The raster package contains the function terrain, which creates new raster layers that will give you both the angle of your desired vector at each point (i.e. the aspect), and its magnitude (the slope). We can use a little trigonometry to convert these into the North-South and East-West basis vectors used by ggquiver and add them to our original raster before turning the whole thing into a data frame.*
terrain_raster <- terrain(r, opt = c('slope', 'aspect'))
r$u <- terrain_raster$slope[] * sin(terrain_raster$aspect[])

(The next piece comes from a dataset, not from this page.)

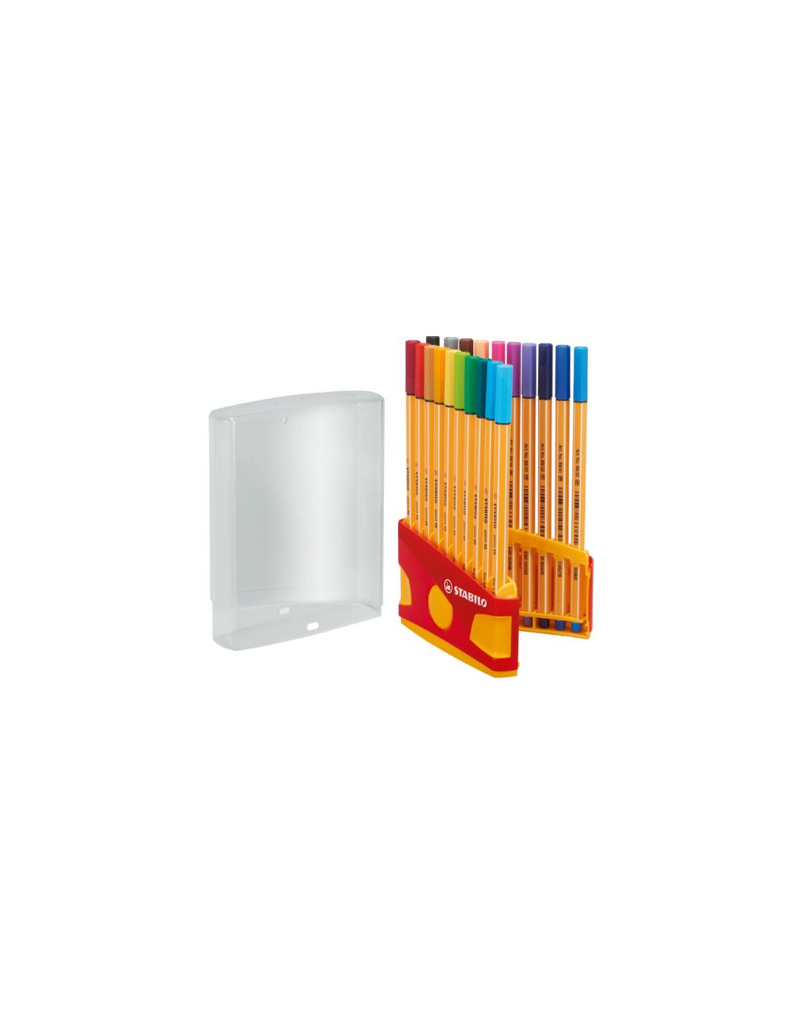 El estuche Stabilo Parade incluye 20 rotuladores Point 88, conocidos por su trazo fino y preciso de 0,4 mm, ideal para escritura, subrayado y trabajos de detalle. Este estuche práctico y colorido permite tener todos los colores organizados y al alcance, facilitando el transporte y uso diario. Cada rotulador cuenta con tinta de alta calidad y larga duración, y su característico diseño hexagonal evita que se deslicen.

r$v <- terr$slope[] * cos(terr$aspect[])
rd <- as.data.frame(r, xy = TRUE)
However, in most cases this will not make for a good plot. If you don't first aggregate the raster, you will have one gradient for each pixel on the image, which won't plot well. On the other hand, if you do aggregate, you will have a nice vector field, but your raster will look "blocky". Therefore, having a single data frame for your plot is probably not the best way to go.
The following function will take a raster and plot it with an overlaid vector field. You can adjust how much the vector field is aggregated without affecting the raster, and you can specify an arbitrary vector of colours for your raster.
raster2quiver <- function(rast, aggregate = 50, colours = terrain.colors(6))
{
names(rast) <- "z"
quiv <- aggregate(rast, aggregate)
terr <- terrain(quiv, opt = c('slope', 'aspect'))
quiv$u <- terr$slope[] * sin(terr$aspect[])
quiv$v <- terr$slope[] * cos(terr$aspect[])
quiv_df <- as.data.frame(quiv, xy = TRUE)
rast_df <- as.data.frame(rast, xy = TRUE)
print(ggplot(mapping = aes(x = x, y = y, fill = z)) +
geom_raster(data = rast_df, na.rm = TRUE) +
geom_quiver(data = quiv_df, aes(u = u, v = v), vecsize = 1.5) +
scale_fill_gradientn(colours = colours, na.value = "transparent") +
theme_bw())
return(quiv_df)
}
So, trying it out on your France example, after first defining a similar colour palette, we get
pal <- c("#B2182B", "#E68469", "#D9E9F1", "#ACD2E5", "#539DC8", "#3C8ABE", "#2E78B5")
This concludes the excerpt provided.